Абель пребывал в самом добром расположении духа, когда днем мы встретились, чтобы обсудить уже сделанное и наметить очередные задачи. Он заявил, причем лишь отчасти в шутку, что я оказался далеко не единственным желающим защищать его.

Потом он пояснил свое заявление. Хотя его содержали в одиночной камере тюрьмы «усиленного режима», ему удавалось получать советы относительно своих законных прав от сотоварищей по заключению. Они ухитрялись передавать ему даже точные изложения пригодных к его случаю юридических прецедентов прошлого. Он показал мне один такой тщательно написанный инструктаж, который удалось пронести к нему в камеру. Судя по приведенным цитатам и выделенным юридическим нюансам, авторы, несомненно, обладали обширным и глубоко личным знакомством с процедурами уголовных дел. И теперь желали дать Абелю бесплатную консультацию тюремных «правоведов». Между тем большинство обитателей тюрьмы отличались крайне патриотическим настроем, и были нередки случаи, когда в местах заключения члены коммунистической партии США подвергались избиениям. А вот полковнику каким-то образом удалось завоевать расположение и снискать сочувствие «тюремного населения».
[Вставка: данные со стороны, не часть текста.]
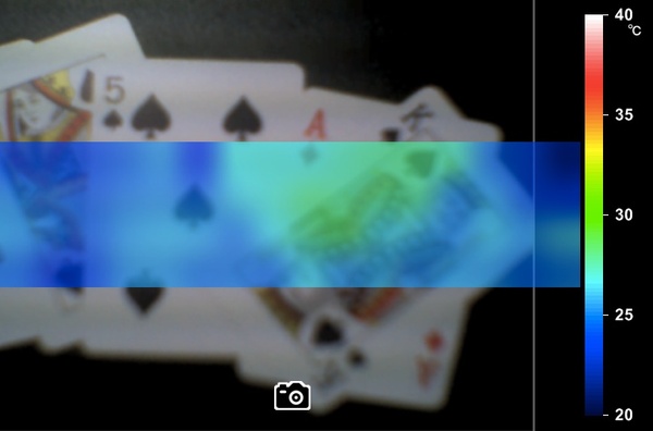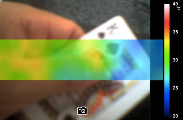 まずは(適当に切った)トランプからカードを1枚抜いて手に持ってみます。カードを手に持ったさまを、試しにサーモカメラで撮影してみたのが、右に貼り付けた画像です。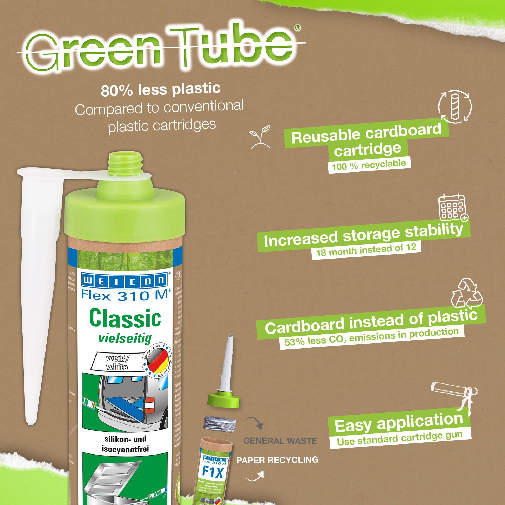 WEICON Flex 310 M Classic is strong, paintable (wet-on-wet), sandable, has an outstanding resistance to ageing and good resistance to UV rays. It is resistant to fresh and salt water and is free of silicone, isocyanate, halogens and solvents. The product as an ISEGA certificate and can be used as an adhesive in the food technology. Flex 310 M Classic is an elastic adhesive based on MS polymer and is suitable for the bonding of metals, many plastics, ceramics, wood, glass and stone. This adhesive and sealant can be used in metal construction, tank and apparatus engineering, carriage, vehicle and container construction, ventilation and air conditioning systems, in the electrical industry, yacht and boat construction, and in all applications where silicones or products containing silicones are not suitable.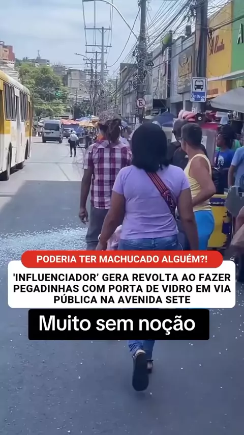 🎥 Influenciador causa polêmica com pegadinha perigosa em Salvador Um influenciador digital causou alvoroço nas redes sociais após publicar vídeos de uma "pegadinha" polêmica: ele jogou uma porta de vidro na rua, fazendo com que ela se quebrasse e espalhasse cacos para todos os lados. A ação, que poderia ter causado sérios acidentes, gerou indignação entre os internautas. Muitos criticaram a atitude, apontando a irresponsabilidade de colocar a segurança das pessoas em risco em nome de entreten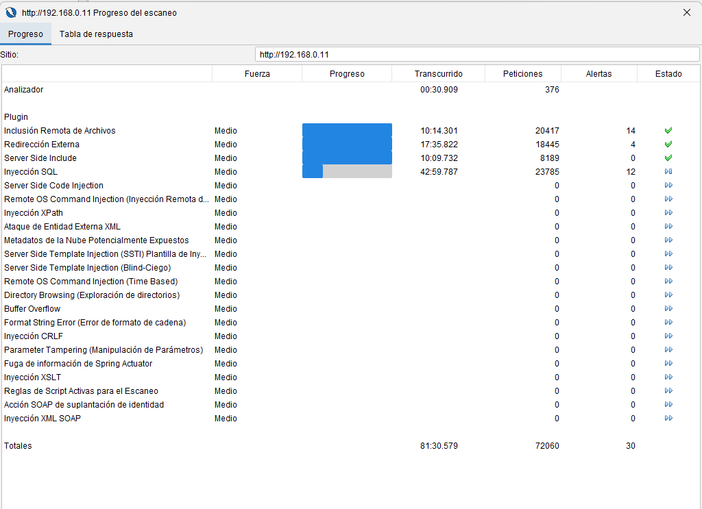 • Pestaña Escaneo activo: nuevo escaneo, pausar/reanudar, ver progreso, abrir Administrador de políticas y Progreso del análisis (detalles de reglas + gráfico por códigos 1xx–5xx).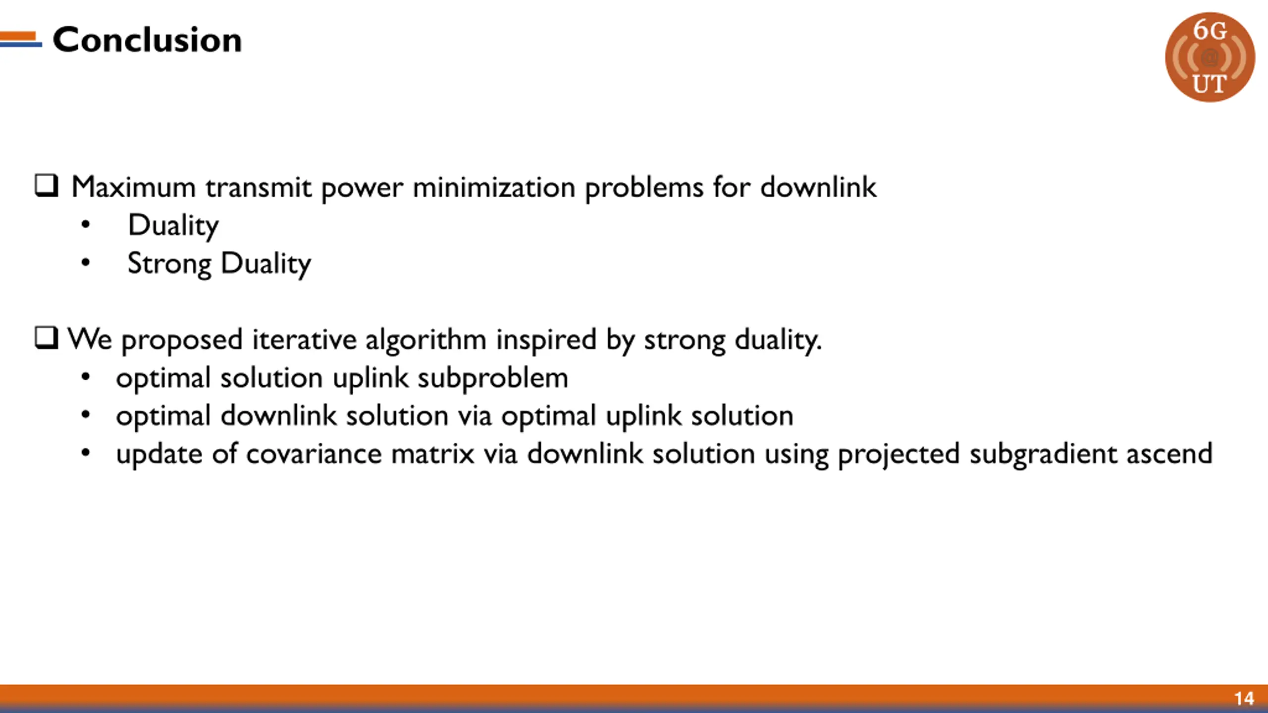 Conclusion Maximum transmit power minimization problems for downlink Duality Strong Duality We proposed iterative algorithm inspired by strong duality. optimal solution uplink subproblem optimal downlink solution via optimal uplink solution update of covariance matrix via downlink solution using projected subgradient ascend 14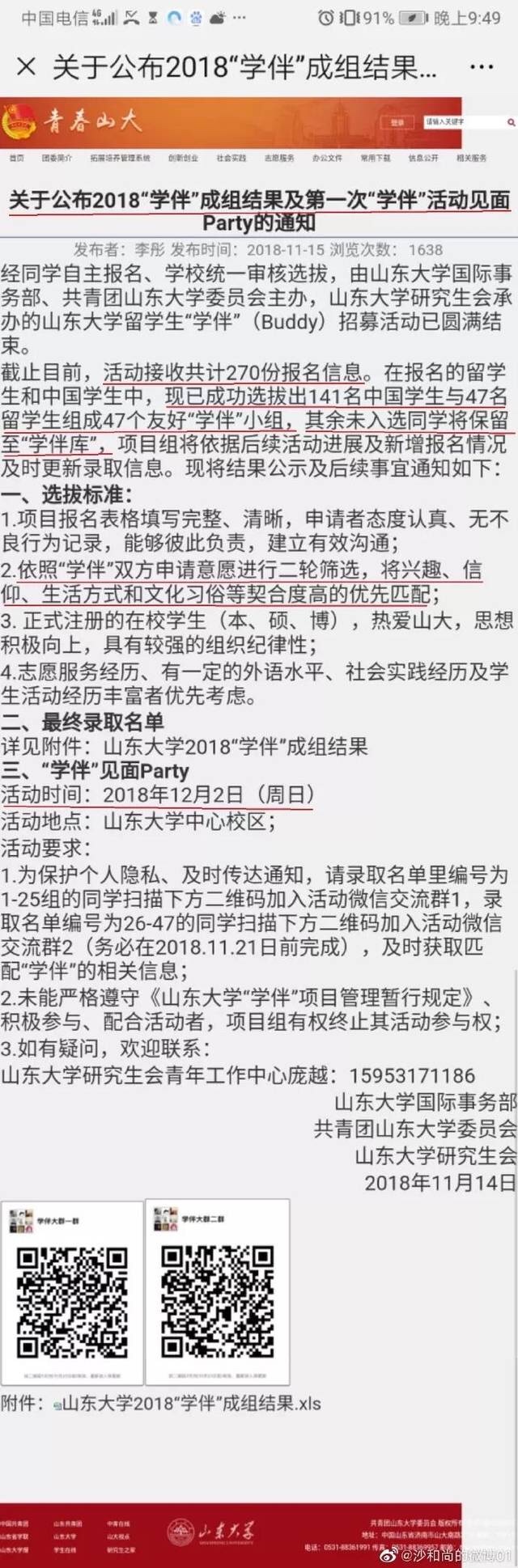 有网友投稿:“山东大学 去年发布为外国留学生招纳学伴风波受到众多网友批评后,在2018年7月份发布通知,宣布“继续招收学伴”……”接到投稿,小编赶紧去围观,发现2018年学伴选拨结果已经公示了,比2017年有较大变化。2017年为1对1配对,而2018年呢?采取1对3,即每个留学生配3个学伴。

По словам Рудольфа, заключенные очень внимательно следили за всеми сообщениями о деле по нью-йоркским газетам, а один из них готовил полный анализ уязвимых мест, содержавшихся в официальном обвинении. Я ответил, что буду с нетерпением ждать возможности ознакомиться с подобным анализом.

Затем мы перешли к обсуждению недавно принятой Верховным судом США «поправке Дженкса». Согласно новым установкам государство отныне было обязано (с некоторыми оговорками) предоставлять в распоряжение защиты в письменном виде все показания свидетелей обвинения по делу, собранные агентами ФБР и другими следователями, чтобы адвокаты при подготовке к перекрестным допросам имели возможность заранее выявить имеющиеся в них возможные противоречия или несовпадения.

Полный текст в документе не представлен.